If we further compare the overall situation of objective and subjective financial hardship in Europe, we have to note a considerable mismatch between these two income measurements (see Fig. 3). While approximately 48% of elderly Europeans are confronted at least sometimes with feelings of financial shortages, less than 29% can be considered poor according to their objective financial situation (i.e., earning less than 75% of the national net median income, adjusted for household size). However, this unbalanced situation again varies strongly amongst the European countries. While the proportion of elderly Europeans with an objectively “bad” income situation differs across Europe (ranging from 20% in the Czech Republic to 36% in Cyprus), the differences are more pronounced when considering the subjective ability to participate in activities that require money. Here, the results show that the discrepancy between the objective and subjective situation is more pronounced in Eastern and Southern European countries. For instance, more older Europeans in Greece report financial constraints than report being in an objectively poor income situation. While 90% of the Greek population 50 + years old often or sometimes experience money shortages, only one in four have less than 75% of the national median income available and live, therefore, in an objectively precarious financial situation. The discrepancy between subjective feelings versus objective situations is especially remarkable in Latvia (77% vs. 29%), Lithuania (76% vs. 27%), and Estonia (62% vs. 24%). Meanwhile, in Western and Northern European countries, individuals’ objective situation and their subjective feelings are better aligned (especially in Luxembourg, Germany, and Austria). In some cases, objective situations of financial precarity even outweigh the subjective feelings of financial problems. This can be seen especially in Denmark, Sweden, and Switzerland.

Fig. 3
figure 3

Source: SHARE, wave 7 (2017), release 7.1.0, 45,726 respondents, country-average (ascending order based on the category “bad” subjective income), weighted, own calculations

Distribution of financial hardship in Europe (in %).

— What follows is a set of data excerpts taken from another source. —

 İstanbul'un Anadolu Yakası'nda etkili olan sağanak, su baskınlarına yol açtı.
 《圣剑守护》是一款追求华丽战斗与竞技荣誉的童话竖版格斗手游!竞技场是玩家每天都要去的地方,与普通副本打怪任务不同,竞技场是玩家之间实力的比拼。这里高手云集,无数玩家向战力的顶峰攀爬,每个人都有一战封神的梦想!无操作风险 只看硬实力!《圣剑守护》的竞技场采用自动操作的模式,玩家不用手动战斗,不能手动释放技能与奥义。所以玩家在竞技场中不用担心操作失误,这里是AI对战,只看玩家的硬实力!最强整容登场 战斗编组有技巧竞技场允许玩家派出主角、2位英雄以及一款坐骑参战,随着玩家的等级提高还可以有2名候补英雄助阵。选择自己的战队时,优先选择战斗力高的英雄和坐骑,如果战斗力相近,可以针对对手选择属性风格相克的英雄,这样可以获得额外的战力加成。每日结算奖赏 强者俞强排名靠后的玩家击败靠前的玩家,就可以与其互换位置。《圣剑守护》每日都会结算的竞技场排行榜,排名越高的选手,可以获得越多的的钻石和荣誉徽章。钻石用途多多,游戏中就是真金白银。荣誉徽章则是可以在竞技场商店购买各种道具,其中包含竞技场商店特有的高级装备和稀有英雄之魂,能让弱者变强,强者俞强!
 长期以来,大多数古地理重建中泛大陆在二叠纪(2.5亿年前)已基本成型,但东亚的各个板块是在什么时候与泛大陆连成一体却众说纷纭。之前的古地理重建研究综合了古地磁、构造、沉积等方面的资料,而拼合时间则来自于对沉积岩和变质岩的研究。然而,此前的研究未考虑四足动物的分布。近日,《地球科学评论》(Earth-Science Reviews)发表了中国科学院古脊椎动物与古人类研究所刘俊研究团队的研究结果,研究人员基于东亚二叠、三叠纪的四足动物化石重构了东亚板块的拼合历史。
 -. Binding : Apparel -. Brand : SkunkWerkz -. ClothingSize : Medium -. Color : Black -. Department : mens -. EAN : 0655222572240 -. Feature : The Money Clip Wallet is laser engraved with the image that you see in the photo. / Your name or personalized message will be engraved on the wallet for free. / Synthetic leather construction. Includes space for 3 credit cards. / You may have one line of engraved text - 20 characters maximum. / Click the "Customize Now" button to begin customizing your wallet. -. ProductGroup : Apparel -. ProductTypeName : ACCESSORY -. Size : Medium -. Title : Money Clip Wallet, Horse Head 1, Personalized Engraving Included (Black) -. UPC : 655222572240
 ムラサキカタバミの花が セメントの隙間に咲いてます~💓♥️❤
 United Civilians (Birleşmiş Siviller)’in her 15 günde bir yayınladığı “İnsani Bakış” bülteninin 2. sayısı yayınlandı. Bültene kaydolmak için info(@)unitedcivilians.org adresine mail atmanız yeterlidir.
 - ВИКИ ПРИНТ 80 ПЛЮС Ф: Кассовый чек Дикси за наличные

Although individuals’ self-evaluation of their financial situation does sometimes differ from an objective measurement, the subjective and objective distribution of individual welfare positions for older persons living in Europe are often congruent with each other (see Fig. 4). Overall, more than 42% of elderly Europeans live in an objectively favorable income situation and are simultaneously aware of this, putting them in the category of well-being. In contrast, approximately 18% of the older population in Europe is characterized by deprivation, in which a bad objective position goes hand-in-hand with a bad subjective evaluation.

Fig. 4
figure 4

Source: SHARE, wave 7 (2017), release 7.1.0, 45,726 respondents, country-average (ascending order based on the category “deprivation”), weighted, own calculations

Distribution of individual welfare positions in Europe (in %).

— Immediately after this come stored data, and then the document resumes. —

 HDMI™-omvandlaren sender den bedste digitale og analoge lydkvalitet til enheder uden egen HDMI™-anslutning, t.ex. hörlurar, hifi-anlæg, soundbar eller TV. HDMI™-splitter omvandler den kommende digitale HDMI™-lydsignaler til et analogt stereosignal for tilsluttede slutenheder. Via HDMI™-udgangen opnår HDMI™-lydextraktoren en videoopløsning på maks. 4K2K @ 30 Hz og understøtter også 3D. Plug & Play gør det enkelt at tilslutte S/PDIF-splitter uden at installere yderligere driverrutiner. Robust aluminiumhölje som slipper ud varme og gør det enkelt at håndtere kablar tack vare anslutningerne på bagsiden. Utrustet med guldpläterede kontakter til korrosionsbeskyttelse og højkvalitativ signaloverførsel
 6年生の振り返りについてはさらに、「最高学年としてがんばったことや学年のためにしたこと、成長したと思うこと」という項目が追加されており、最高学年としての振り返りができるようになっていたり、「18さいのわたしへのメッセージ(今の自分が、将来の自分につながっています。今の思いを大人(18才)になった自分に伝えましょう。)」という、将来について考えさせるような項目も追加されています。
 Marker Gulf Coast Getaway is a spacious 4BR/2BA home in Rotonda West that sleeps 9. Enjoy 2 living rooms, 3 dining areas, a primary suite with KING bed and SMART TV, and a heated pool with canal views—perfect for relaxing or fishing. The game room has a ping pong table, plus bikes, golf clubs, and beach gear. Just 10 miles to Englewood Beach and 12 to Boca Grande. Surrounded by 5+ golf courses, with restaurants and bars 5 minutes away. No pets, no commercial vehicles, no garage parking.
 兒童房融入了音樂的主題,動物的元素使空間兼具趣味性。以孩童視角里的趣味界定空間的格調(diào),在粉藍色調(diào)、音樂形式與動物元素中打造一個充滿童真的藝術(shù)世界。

Still, more than one-third of the elderly respondents exhibited inconsistent objective and subjective welfare positions. Specifically, 29% showed dissonant positions (dissatisfaction dilemma), while 10% have adapted subjectively to their bad income situation (satisfaction paradox). In line with the variations between objective and subjective income across Europe (as shown in Fig. 3), the extent of the satisfaction paradox and dissatisfaction dilemma varies widely across Europe. There is considerable variation both in the extent of objective poverty and the perception of one’s income situation between countries as well as in the specific combinations of objective income situations and subjective perceptions within the observed countries. Older people living in a situation of well-being—meaning good objective and subjective conditions at the same time—most often reside in Denmark (59%), Sweden (58%), Austria (57%), Luxembourg (56%), Germany (55%), Denmark (54%), and Switzerland (54%). In contrast, this state of well-being is enjoyed by a comparably low percentage (under 30%) of the elderly population in Lithuania, Latvia, Cyprus, Romania, Bulgaria, and Croatia—especially in Greece, where the rate is only 9%. When focusing on the welfare position of deprivation, which means that people evaluate their poor objective income situation as bad, we can observe that the highest proportions (between 20 to 27%) are localized to Southern and Eastern European countries. In contrast, this situation appears to be relatively rare in Denmark (8%) and Sweden (10%). With rates between 12 and 17%, all other Northern and Western European welfare regimes show a level of deprivation that is below the European average (18%). This underscores the conclusion that deprivation is generally less pronounced in these areas than in the Southern and Eastern parts of Europe (with the exceptions of the Czech Republic, Slovakia, and Malta).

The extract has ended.